The Tuesday Market Minute
- Global stocks mixed as Asia gets caught in Wall Street’s Monday slump, while Europe attempts to rebound from its worst sell-off since October.
- Delta-variant infection rates have investors questioning growth prospects, while bond traders are paring bets against any near-term rate action from the Federal Reserve.
- U.S. stocks have their worst day since mid-May on Monday, with the Dow suffering its biggest single-day decline since October.
- Benchmark 10-year note yields hold at a February low of 1.185% while bitcoin slumps below the closely-watched $30,000 mark.
- IBM jumps 4.5% in pre-market trading after posting its strongest revenue growth in three years after the close of trading last night.
- U.S. equity futures suggest a firmer open on Wall Street ahead of June housing starts data at 8:30 am Eastern time and after-the-bell earnings from United Airlines and Netflix.
U.S. equity futures look set to rebound from the biggest single-day decline on Wall Street in months Tuesday, but doubts over the strength of the global economic recovery continue to linger as bond yields drift back to early February lows amid stubbornly high Delta-variant infection rates in major economies around the world.
Stocks were pummeled Monday as investors worried that rising infections would induce travel restrictions — and potentially even new lockdown orders — that could scupper the global recovery heading into the second half of the year.
That was compounded by bond market reaction to the fact that the Federal Reserve may be unlikely to make any near-term changes to its myriad support programs, including bond purchases, pushing Treasury yields below 1.2%, a level that accelerated declines for cyclical and re-opening stocks.
With more than 161 million Americans now fully-vaccinated, any Delta-variant spread will have far less prevalence than during the peak of last year’s pandemic, but lower inoculation rates around the world mean new cases could grow at faster-than-expected rates, putting hard-earned recovery gains as risk.
Stocks look set to reflect some of those realities Tuesday, with futures contracts tied to the Dow Jones Industrial Average indicating a 135 point opening bell gain, a move that would only claw back around a fifth of yesterday’s 725 point tumble, the biggest since October.
Futures linked to the S&P 500, meanwhile, are priced for a 17 point bounce while those linked to the tech-focused Nasdaq are looking at a 60 point jump as benchmark 10-year note yields retreat back to 1.185%, the lowest since February.
Market volatility, however, is also spiking, with the CBOE’s key VIX index trading at the highest levels in more than two months at 21.15 points, suggesting intra-day market moves could be more severe than usual, particularly given that trading volumes on Monday topped 12 billion, some 18.7% ahead of the 20-day average.
Early market gainers Tuesday include IBM (IBM) – Get Report, which was marked 4.05% higher at $143.50 after posting its strongest revenue gains in three years amid a better-than-expected second quarter earnings report published after the close of trading last night.

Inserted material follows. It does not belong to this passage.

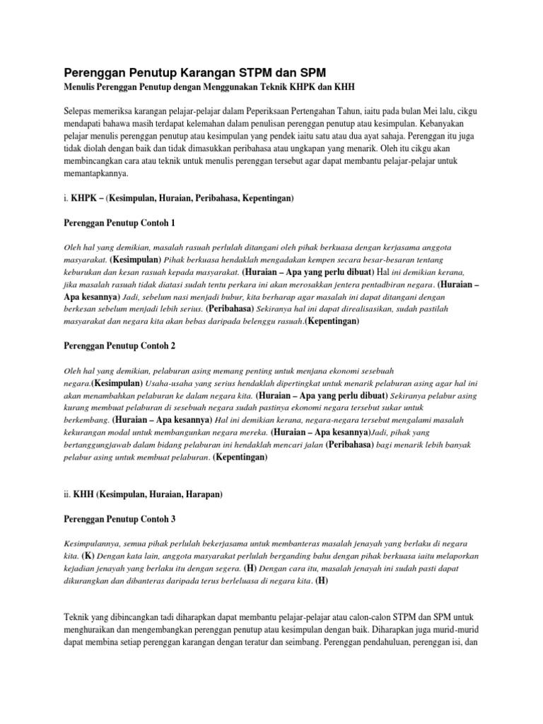 Perenggan Penutup Karangan Stpm Dan Spm Pdf

Earnings, in fact, may provide the path to recovery this week as around 80 companies are expected to report June quarter profits over the next four days, including Netflix (NFLX) – Get Report and United Airlines (UAL) – Get Report after the close of trading today and Johnson & Johnson (JNJ) – Get Report, AT&T (T) – Get Report, Microsoft (MSFT) – Get Report and Intel (INTC) – Get Report later in the week.
So far, 90.2% of the 41 S&P 500 companies reporting have beaten Street forecasts, with analysts expecting collective earnings to rise 72% from last year to a share-weighted $393 billion.
In other markets, the U.S. dollar index, which tracks the greenback against a basket of its global currency peers, held gains that pegged it at a three-month high of 92.88 in overnight trading as reflation trades in the euro faded amid slowing growth prospects and faster Delta-variant infection rates.
Oil prices, too, staged a modest rebound after yesterday’s OPEC-lead slump, with WTI crude for August rising 26 cents per barrel to $66.61 and Brent contracts for September pegged 30 cents higher at $68.90 per barrel.
In overseas markets, Europe’s Stoxx 600 rebound from its worst day since October with a modest 0.48% gain, paced largely by beaten-down travel stocks, while Japan’s Nikkei 225 ended its session at a 6-month low of 27,388.16 points heading into the start of what could be a COVID-clouded attempt to host the Olympic Games later this week.